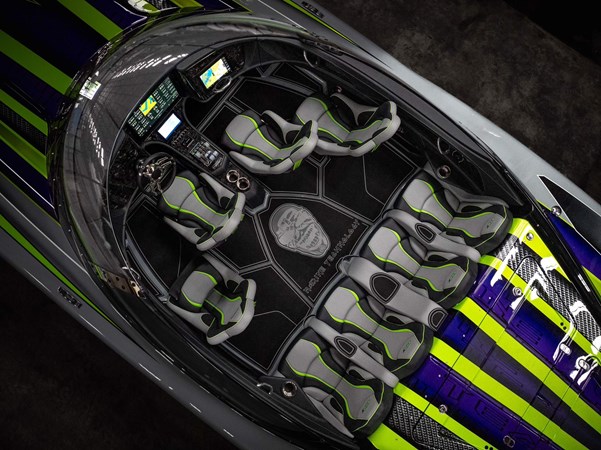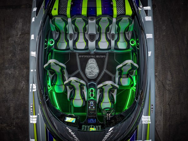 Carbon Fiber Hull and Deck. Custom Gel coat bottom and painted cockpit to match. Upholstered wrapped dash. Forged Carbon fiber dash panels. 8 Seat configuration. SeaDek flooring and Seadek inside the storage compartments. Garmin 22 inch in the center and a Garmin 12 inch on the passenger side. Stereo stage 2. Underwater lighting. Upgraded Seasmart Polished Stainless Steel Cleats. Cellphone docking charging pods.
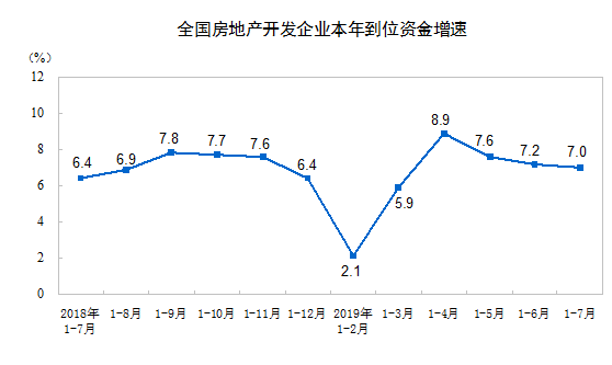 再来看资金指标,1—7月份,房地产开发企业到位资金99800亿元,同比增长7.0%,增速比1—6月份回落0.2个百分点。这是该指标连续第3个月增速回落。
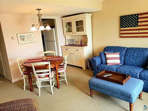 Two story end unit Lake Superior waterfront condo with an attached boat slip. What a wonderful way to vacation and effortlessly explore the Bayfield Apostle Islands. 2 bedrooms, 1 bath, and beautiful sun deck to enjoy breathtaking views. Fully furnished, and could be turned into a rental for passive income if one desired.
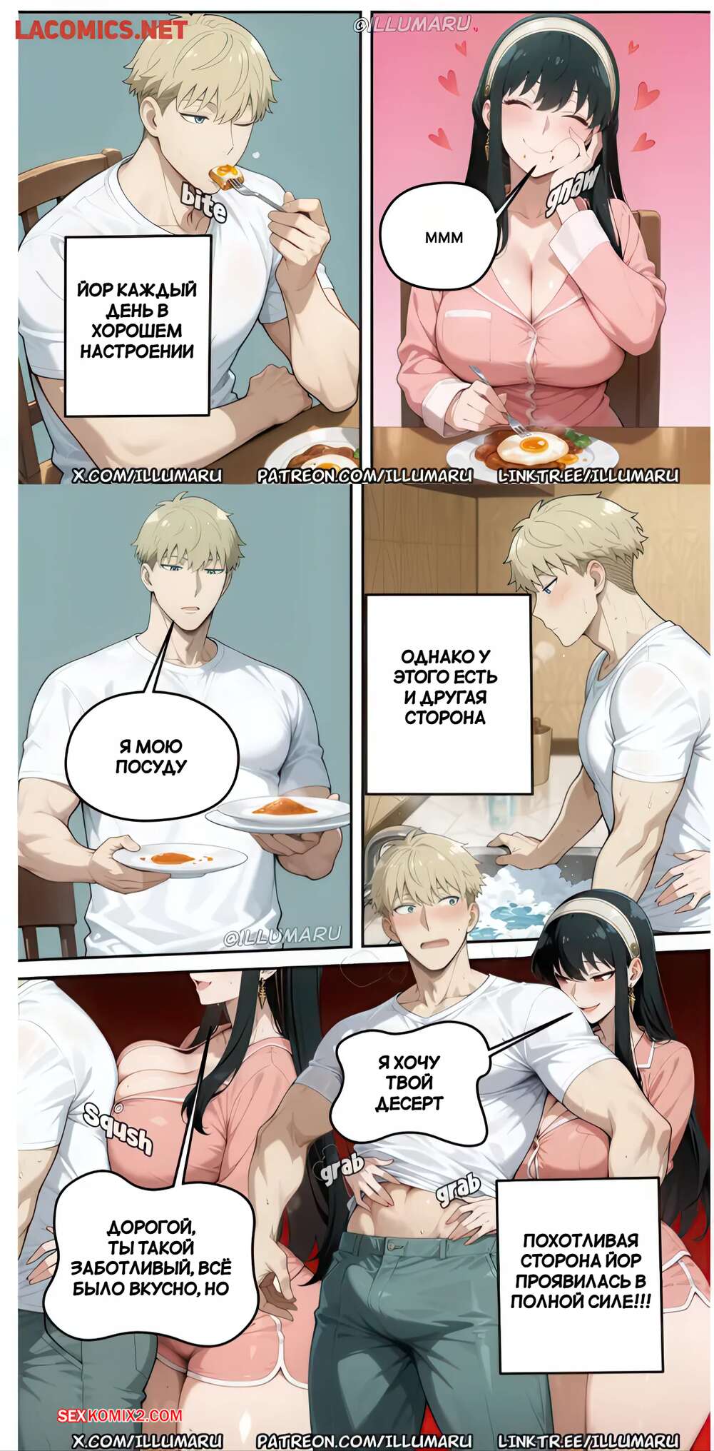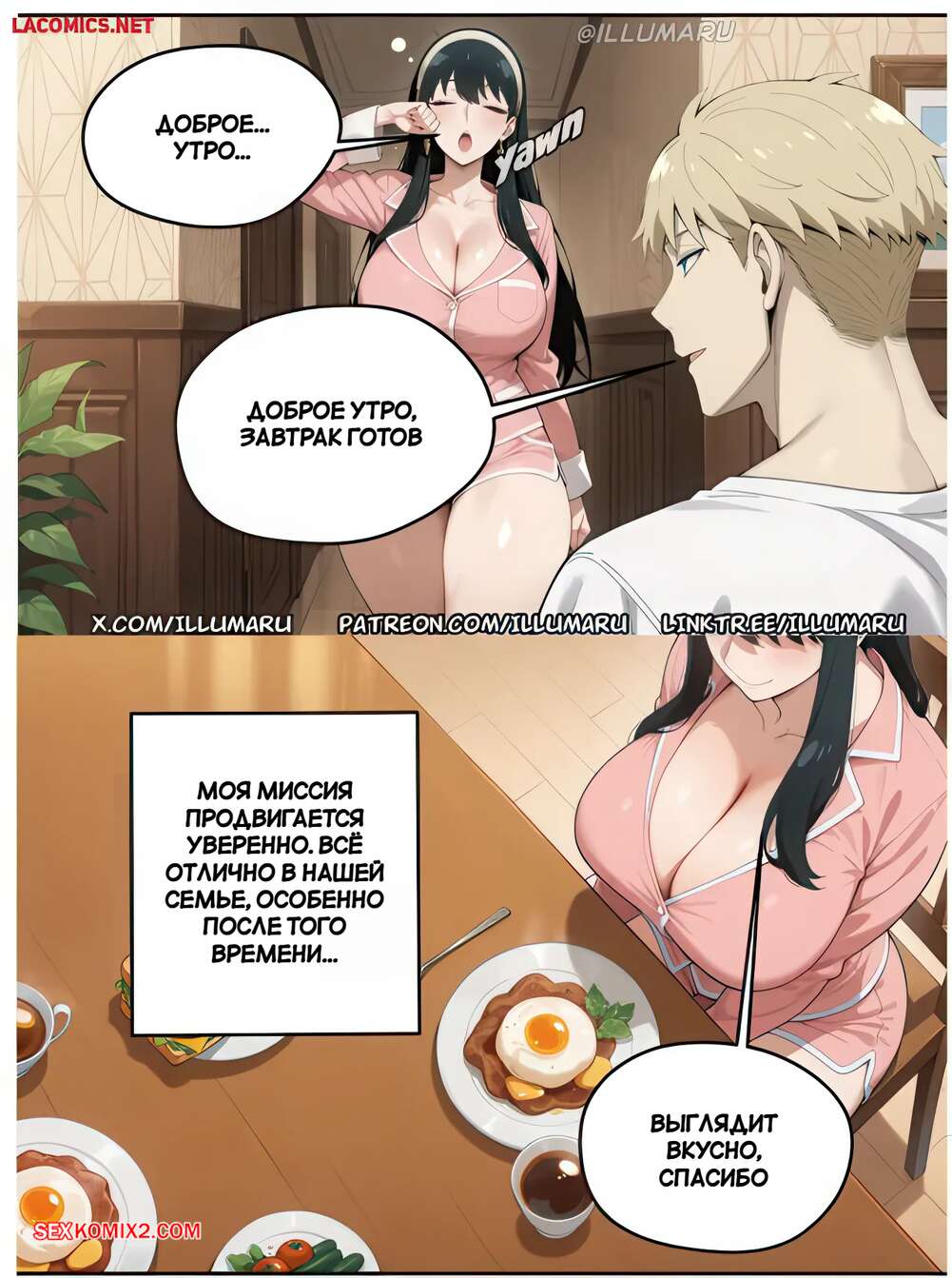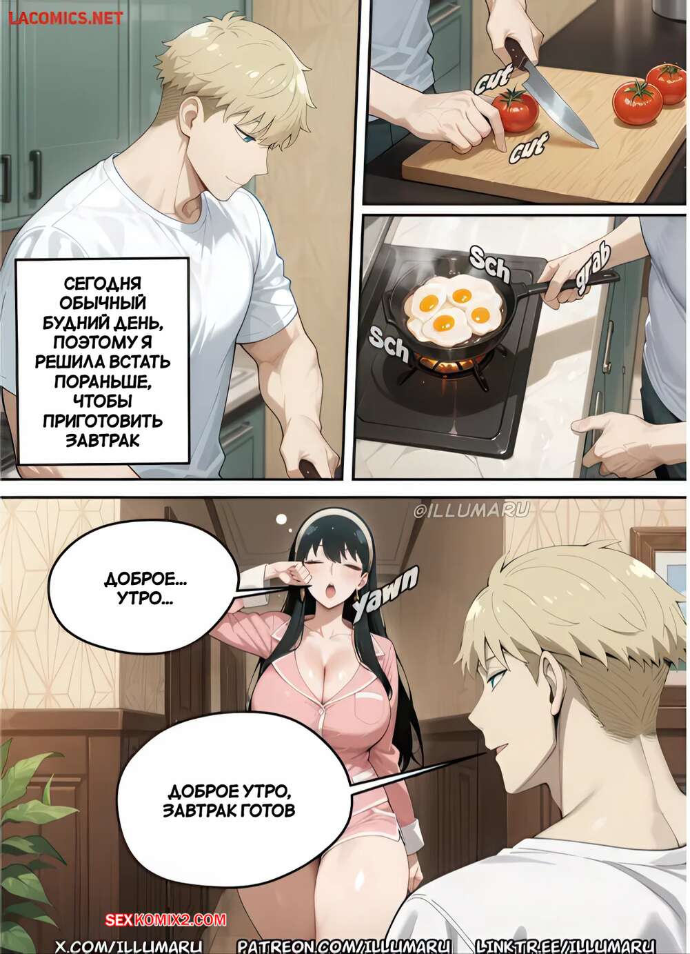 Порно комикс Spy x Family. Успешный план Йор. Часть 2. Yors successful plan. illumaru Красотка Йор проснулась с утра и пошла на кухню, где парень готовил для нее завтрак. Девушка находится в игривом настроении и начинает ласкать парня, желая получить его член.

# # #

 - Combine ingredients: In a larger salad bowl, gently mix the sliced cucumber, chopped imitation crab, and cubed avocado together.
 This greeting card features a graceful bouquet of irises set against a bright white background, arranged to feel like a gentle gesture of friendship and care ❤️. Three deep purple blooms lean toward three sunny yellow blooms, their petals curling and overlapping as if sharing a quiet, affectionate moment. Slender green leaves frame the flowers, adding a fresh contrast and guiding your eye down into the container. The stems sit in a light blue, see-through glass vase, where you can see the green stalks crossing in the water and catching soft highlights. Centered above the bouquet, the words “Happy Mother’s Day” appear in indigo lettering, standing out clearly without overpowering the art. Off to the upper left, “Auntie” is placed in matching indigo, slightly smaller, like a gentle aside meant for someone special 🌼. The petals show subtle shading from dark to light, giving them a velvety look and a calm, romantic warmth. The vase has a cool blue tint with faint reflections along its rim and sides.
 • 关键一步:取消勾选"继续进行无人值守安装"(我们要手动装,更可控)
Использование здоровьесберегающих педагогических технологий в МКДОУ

# # #

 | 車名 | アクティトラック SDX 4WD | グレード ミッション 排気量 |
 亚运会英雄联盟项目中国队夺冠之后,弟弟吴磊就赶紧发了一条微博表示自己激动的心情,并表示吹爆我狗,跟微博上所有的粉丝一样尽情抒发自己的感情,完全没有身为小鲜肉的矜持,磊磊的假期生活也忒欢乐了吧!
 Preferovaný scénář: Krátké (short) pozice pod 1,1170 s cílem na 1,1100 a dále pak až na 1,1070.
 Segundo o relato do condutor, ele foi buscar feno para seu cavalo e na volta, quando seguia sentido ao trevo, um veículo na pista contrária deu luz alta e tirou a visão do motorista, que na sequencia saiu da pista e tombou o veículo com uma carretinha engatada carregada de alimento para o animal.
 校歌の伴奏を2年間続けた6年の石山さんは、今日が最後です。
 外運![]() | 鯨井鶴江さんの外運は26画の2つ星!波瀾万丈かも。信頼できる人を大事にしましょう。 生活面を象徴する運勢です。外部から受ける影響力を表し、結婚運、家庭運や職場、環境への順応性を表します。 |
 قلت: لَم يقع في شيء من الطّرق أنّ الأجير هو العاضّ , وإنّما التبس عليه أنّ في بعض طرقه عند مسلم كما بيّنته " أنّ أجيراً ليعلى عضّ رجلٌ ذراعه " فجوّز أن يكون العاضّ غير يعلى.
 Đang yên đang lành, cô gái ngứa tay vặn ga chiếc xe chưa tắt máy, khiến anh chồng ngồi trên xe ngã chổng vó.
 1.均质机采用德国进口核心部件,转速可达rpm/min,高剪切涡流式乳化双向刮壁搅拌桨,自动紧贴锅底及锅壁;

# # #

> _INSTRUCTIONS TO FOLLOW_
Using the listing above, reproduce word for word every line from the one containing "Carbon Fiber Hull" through the one containing "Порно комикс Spy". Pictures must be left out.

> _TASK OUTPUT_
 Carbon Fiber Hull and Deck. Custom Gel coat bottom and painted cockpit to match. Upholstered wrapped dash. Forged Carbon fiber dash panels. 8 Seat configuration. SeaDek flooring and Seadek inside the storage compartments. Garmin 22 inch in the center and a Garmin 12 inch on the passenger side. Stereo stage 2. Underwater lighting. Upgraded Seasmart Polished Stainless Steel Cleats. Cellphone docking charging pods.
 再来看资金指标,1—7月份,房地产开发企业到位资金99800亿元,同比增长7.0%,增速比1—6月份回落0.2个百分点。这是该指标连续第3个月增速回落。
 Two story end unit Lake Superior waterfront condo with an attached boat slip. What a wonderful way to vacation and effortlessly explore the Bayfield Apostle Islands. 2 bedrooms, 1 bath, and beautiful sun deck to enjoy breathtaking views. Fully furnished, and could be turned into a rental for passive income if one desired.
 Порно комикс Spy x Family. Успешный план Йор. Часть 2. Yors successful plan. illumaru Красотка Йор проснулась с утра и пошла на кухню, где парень готовил для нее завтрак. Девушка находится в игривом настроении и начинает ласкать парня, желая получить его член.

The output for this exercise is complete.